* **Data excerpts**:

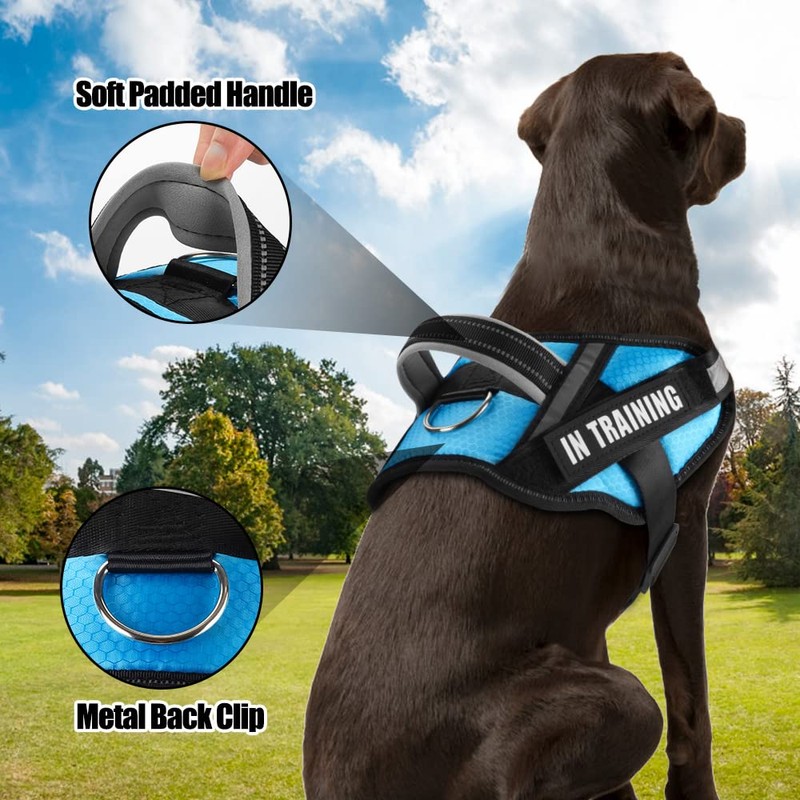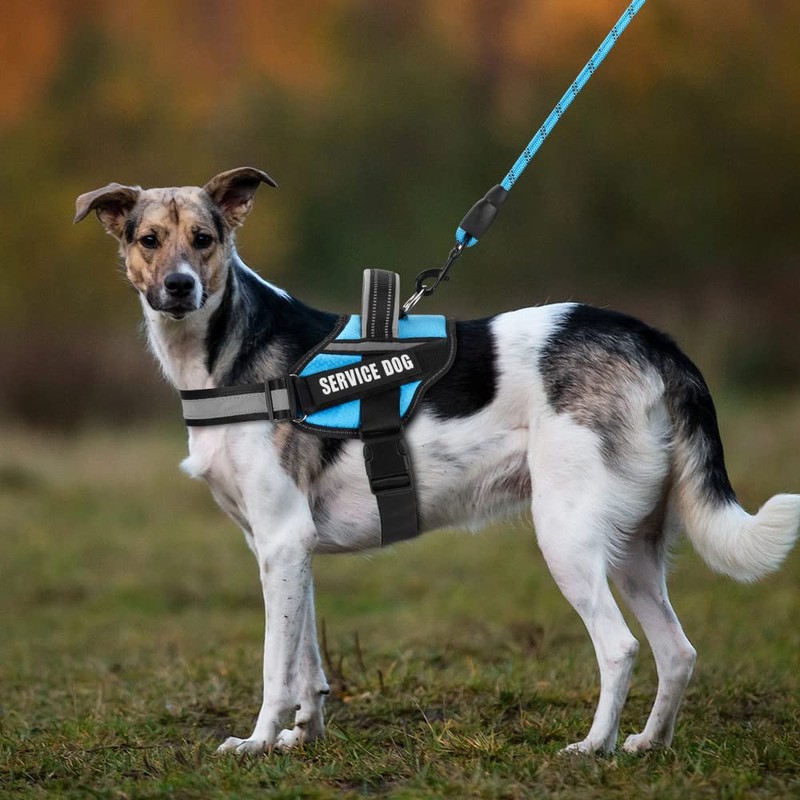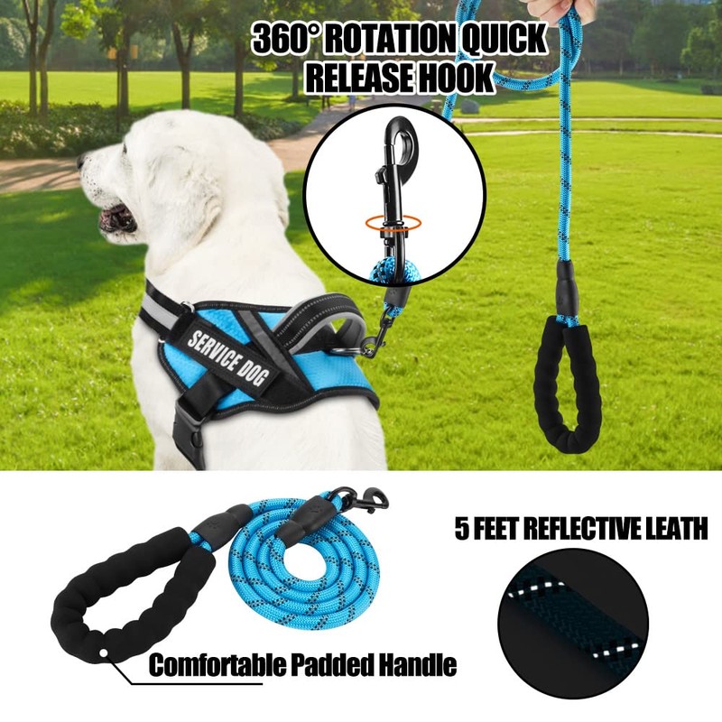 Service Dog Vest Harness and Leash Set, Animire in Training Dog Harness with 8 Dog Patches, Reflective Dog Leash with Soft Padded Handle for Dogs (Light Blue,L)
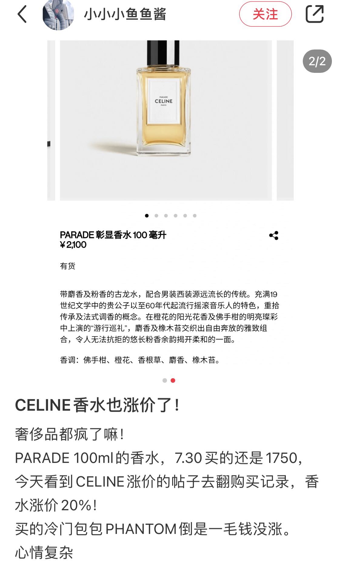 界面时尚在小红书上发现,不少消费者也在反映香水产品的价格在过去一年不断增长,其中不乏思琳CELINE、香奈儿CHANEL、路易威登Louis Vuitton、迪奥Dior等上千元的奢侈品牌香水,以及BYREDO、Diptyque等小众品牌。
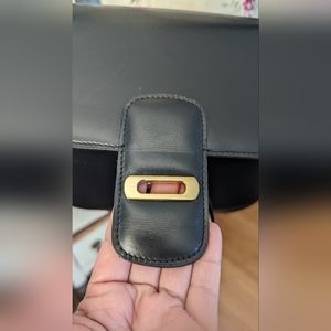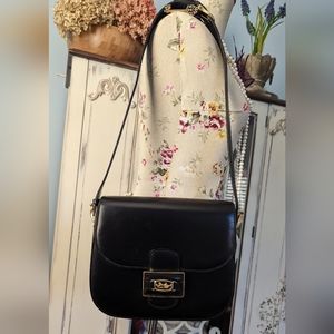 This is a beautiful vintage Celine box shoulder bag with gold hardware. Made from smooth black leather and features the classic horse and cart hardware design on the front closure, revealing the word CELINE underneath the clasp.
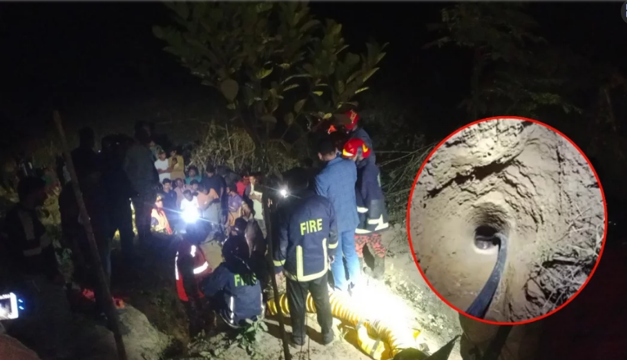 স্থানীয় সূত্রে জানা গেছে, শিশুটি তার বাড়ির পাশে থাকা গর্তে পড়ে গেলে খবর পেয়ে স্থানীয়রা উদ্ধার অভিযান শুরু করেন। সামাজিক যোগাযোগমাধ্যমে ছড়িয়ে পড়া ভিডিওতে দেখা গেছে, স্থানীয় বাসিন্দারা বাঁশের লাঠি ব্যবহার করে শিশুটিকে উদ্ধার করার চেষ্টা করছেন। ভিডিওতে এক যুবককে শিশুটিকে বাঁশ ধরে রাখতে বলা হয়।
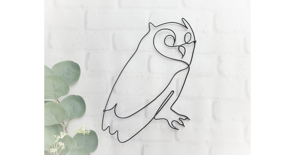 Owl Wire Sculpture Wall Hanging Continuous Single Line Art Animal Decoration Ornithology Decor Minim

* **Exercise details**:
Give again the stretch of lines above from the one with "界面时尚在小红书上发现,不少" through the one with "This is a beautiful", both ends kept, and copy no pictures.

* **Solution for this problem**:
 界面时尚在小红书上发现,不少消费者也在反映香水产品的价格在过去一年不断增长,其中不乏思琳CELINE、香奈儿CHANEL、路易威登Louis Vuitton、迪奥Dior等上千元的奢侈品牌香水,以及BYREDO、Diptyque等小众品牌。
 This is a beautiful vintage Celine box shoulder bag with gold hardware. Made from smooth black leather and features the classic horse and cart hardware design on the front closure, revealing the word CELINE underneath the clasp.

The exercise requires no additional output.